Note: keys could be regexp or string objects.

* changefreq

my $sitemap = $mapper->xml_sitemap(
changefreq => 'daily',
);

or

my $sitemap = $mapper->xml_sitemap(
changefreq => {
'^/doc/' => 'weekly',
'^/ila/' => 'yearly'
'^/cat/' => 'daily',
'^/$' => 'always',
},
);

or

my $sitemap = $mapper->xml_sitemap(
changefreq => [
{ '^/doc/' => 'weekly' },
{ '^/ila/' => 'yearly' },
{ '^/cat/' => 'daily' },
{ '^/$' => 'always' },
{ '\.pdf$' => 'never' }, # pdfs will never change
],
);

If changefreq is a scalar value it will be used as a default for all
pages.

If it is a hashref or arrayref all conditions are checked and the
last matching one is used - use arrayref to *chain* your conditions.

Valid values are:

* always

* hourly

* daily

* weekly

* monthly

* yearly

* never

Default changefreq is 'weekly'.

Note: schema and hostname are remove from node uri for condition
matching.

Note: keys could be regexp or string objects.

HOOKED METHODS
restore_state
$mapper->restore_state();

Restore state from "status_storage" using "retrieve" in Storable.

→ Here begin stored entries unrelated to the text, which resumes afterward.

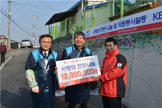 최계운 수자원공사 사장(가운데)이 사랑의 연탄나누기 행사를 통해 성금을 전달하고 있다.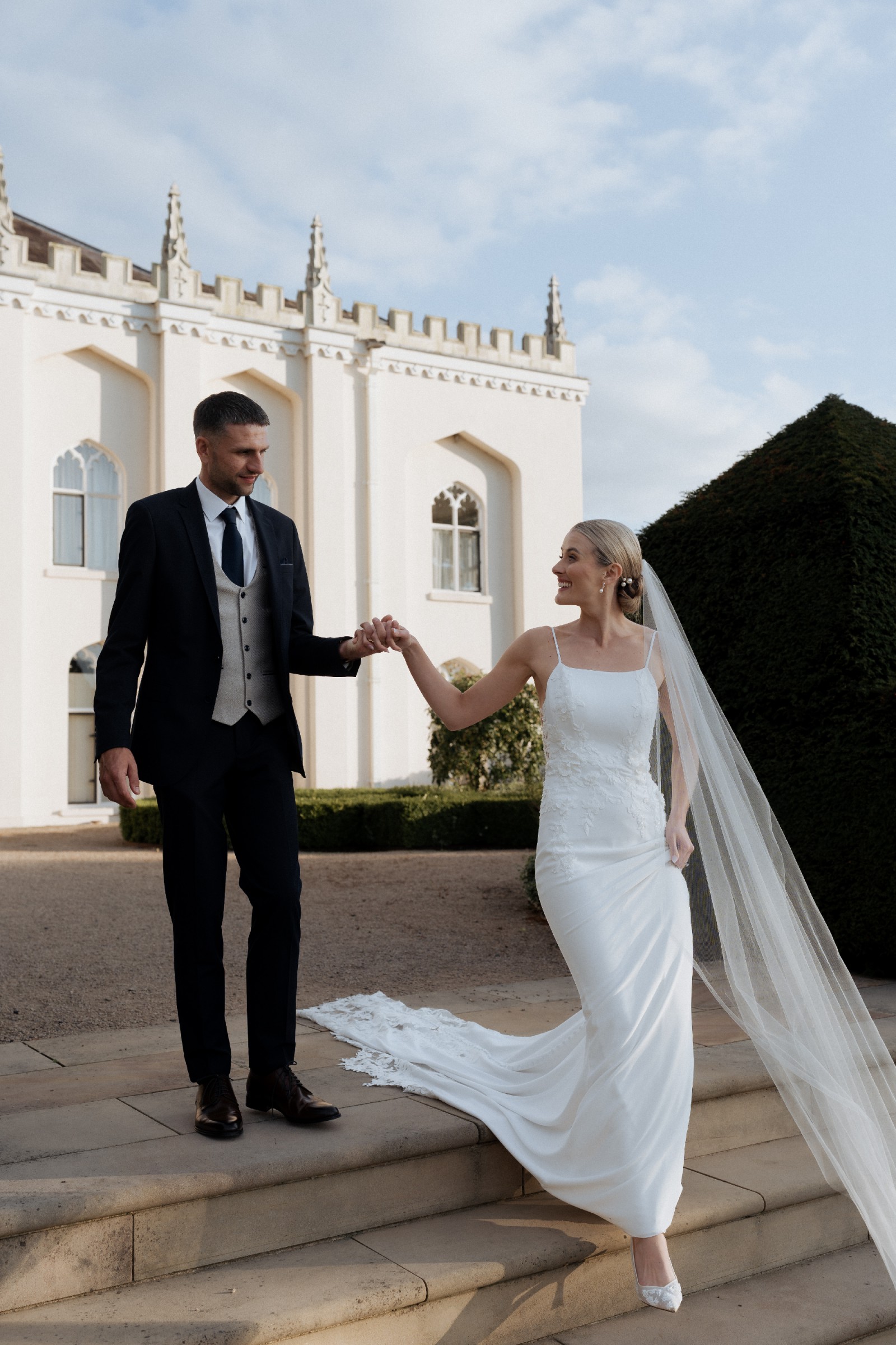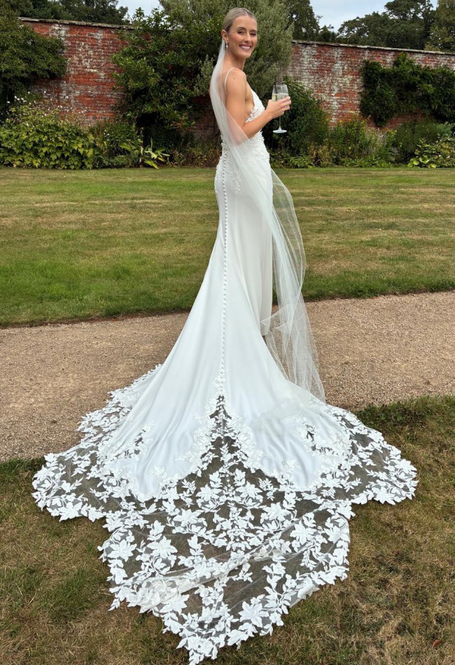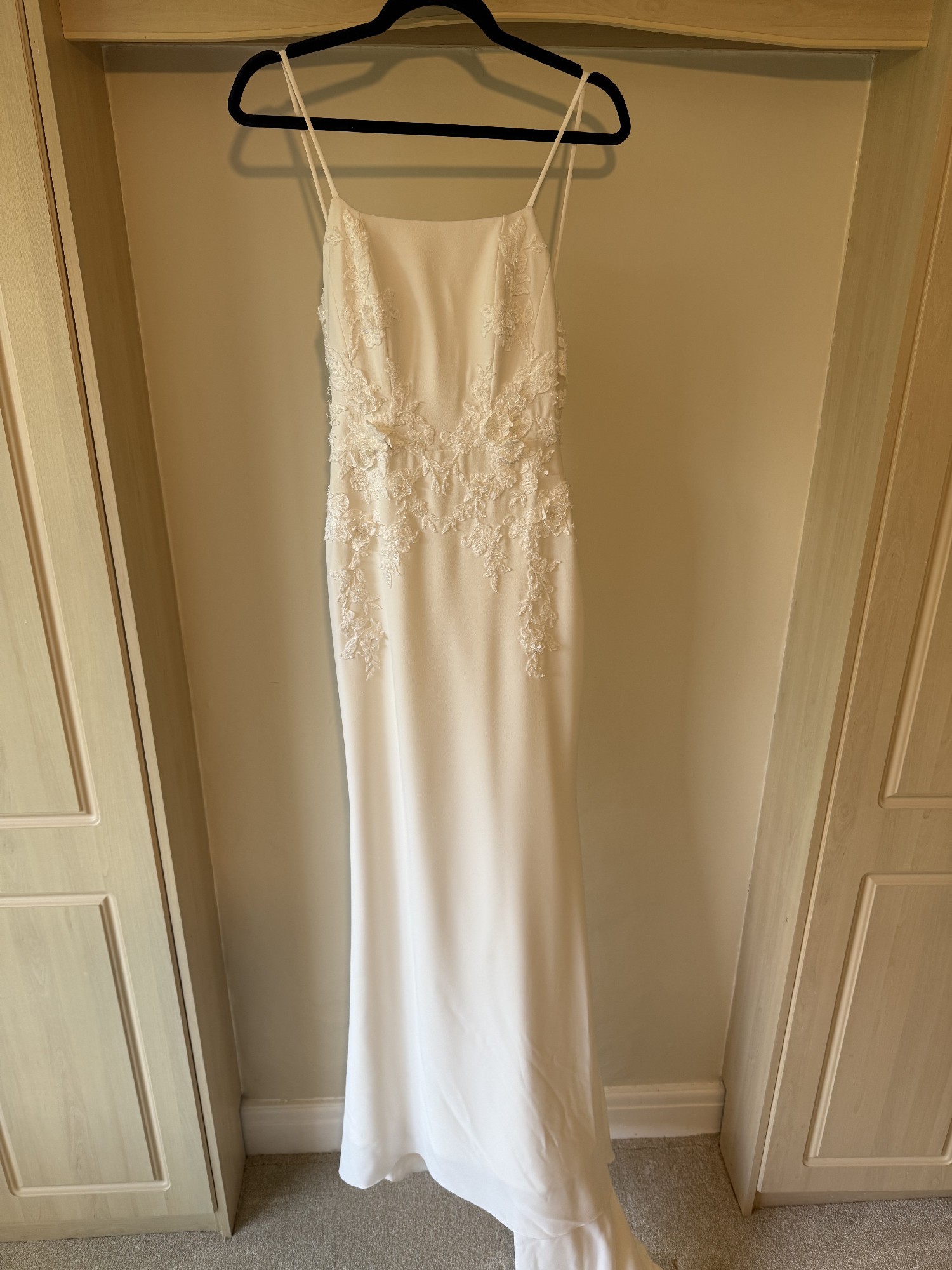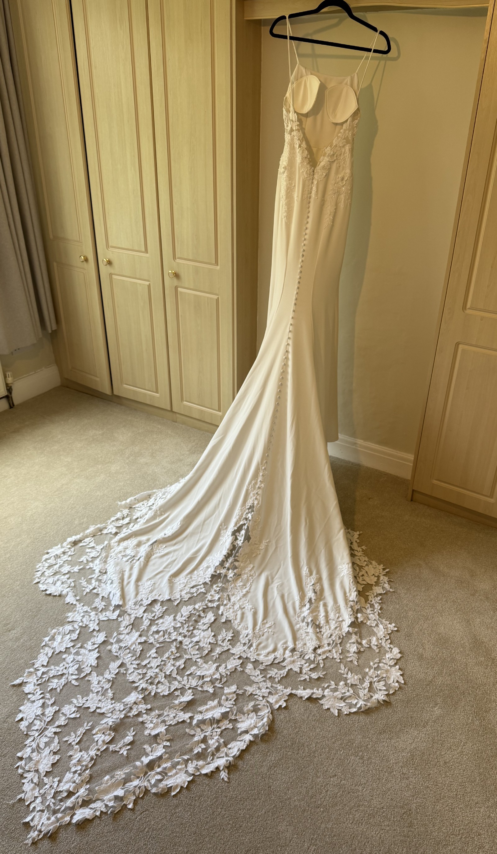 The dress was bought in a size 10, but has been taken in at the waist by a professional seamstress to fit a size 8. Height worn on a 5ft 10 bride, hem can be shortened to suit shorter brides. This is such a beautiful, elegant, yet modern wedding dress. It is comfortable to wear all day and into the evening and feels amazing to wear. It is in great condition and has been professionally dry-cleaned.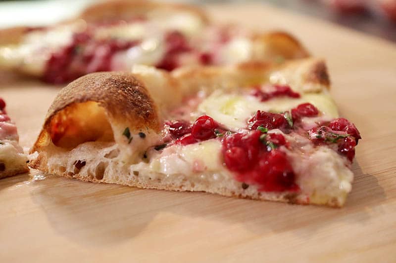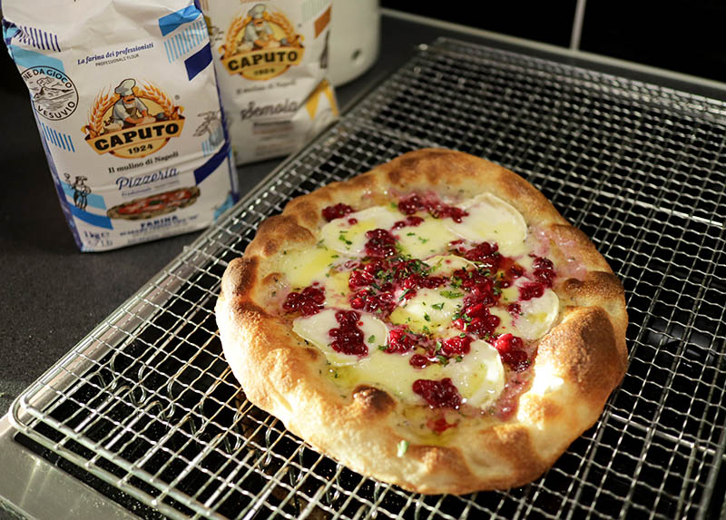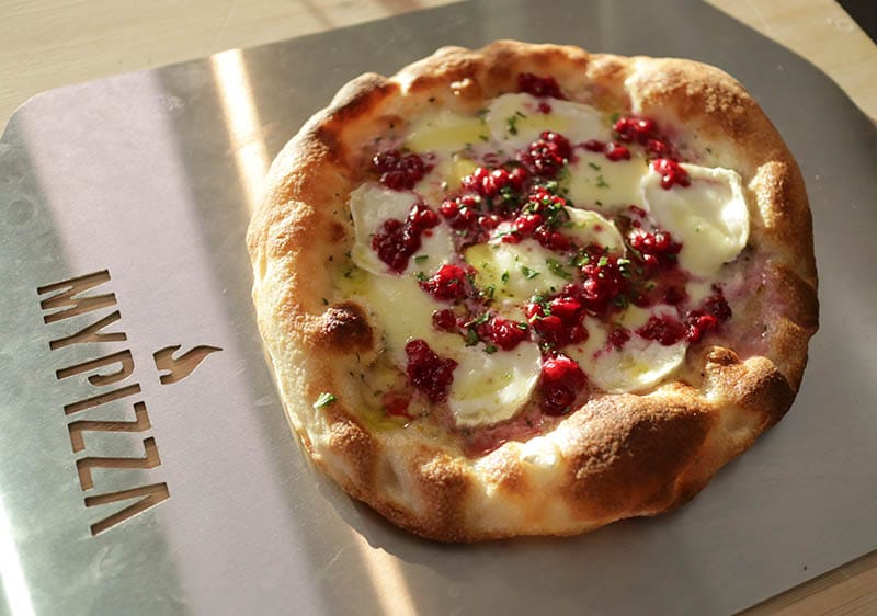Ota pizza pois uunista, lisää vuohenjuustoa, mozzarellaa sekä puolukoita!

Loads into current object "tree" and internal state of web robot.

Uses hook "restore-state" in WWW::Robot.

save_state
$mapper->save_state();

Save into "status_storage" using "store" in Storable current content of
"tree" and internal state of web robot.

Uses hook "save-state" in WWW::Robot.

AUTHOR
Alex J. G. Burzyński <[email protected]>

COPYRIGHT AND LICENSE
This software is copyright (c) 2012 by Alex J. G. Burzyński
<[email protected]>.

This is free software; you can redistribute it and/or modify it under
the same terms as the Perl 5 programming language system itself.